First stage for doing weighted SWOT analysis of the case study McKinsey & Company: Early Career Choices (A) is to rank the strengths and weaknesses of the organization. This will help you to assess the most important strengths and weaknesses of the firm and which one of the strengths and weaknesses mentioned in the initial lists are marginal and can be left out.

Second stage for conducting weighted SWOT analysis of the Harvard case study McKinsey & Company: Early Career Choices (A) is to give probabilities to the external strategic factors thus better understanding the opportunities and threats arising out of macro environment changes and developments.

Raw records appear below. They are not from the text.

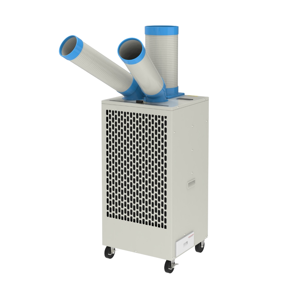 The Industrial Spot Cooler series is designed to meet the demanding cooling needs of industrial environments. These dual-hose commercial AC units are built with an all-copper wire compressor and hydrophilic inner-thread copper tube evaporative condensers to ensure stable and efficient cooling performance. Featuring eco-friendly R32/R410A refrigerant, low-noise operation, and a highly portable design, these models are the ideal solution for workshops, warehouses, server rooms, and production lines, both indoors and outdoors.
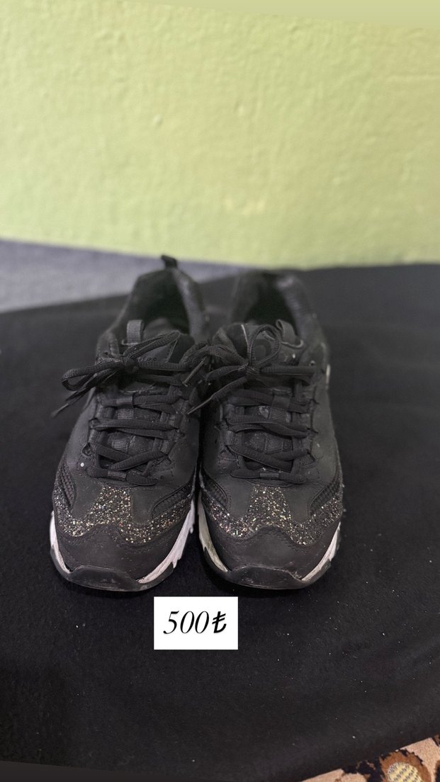Yılan desenli ve ışıltılı detaylara sahip siyah kadın spor ayakkabısı, ince topuklu ve kauçuk tabanlıdır. Fiyat: 500₺.
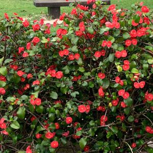公園に咲いていた 『トゲナシハナキリン』 赤く丸い花が可愛いです❤️🌺 トウダイグサ科

Third stage of constructing weighted SWOT analysis of McKinsey & Company: Early Career Choices (A) is to provide strategic recommendations includes – joining likelihood of external strategic factors such as opportunities and threats to the internal strategic factors – strengths and weaknesses. You should start with external factors as they will provide the direction of the overall industry. Secondly by joining probabilities with internal strategic factors can help the company not only strategic fit but also the most probably strategic trade-off that Choices Mckinsey needs to make to build a sustainable competitive advantage.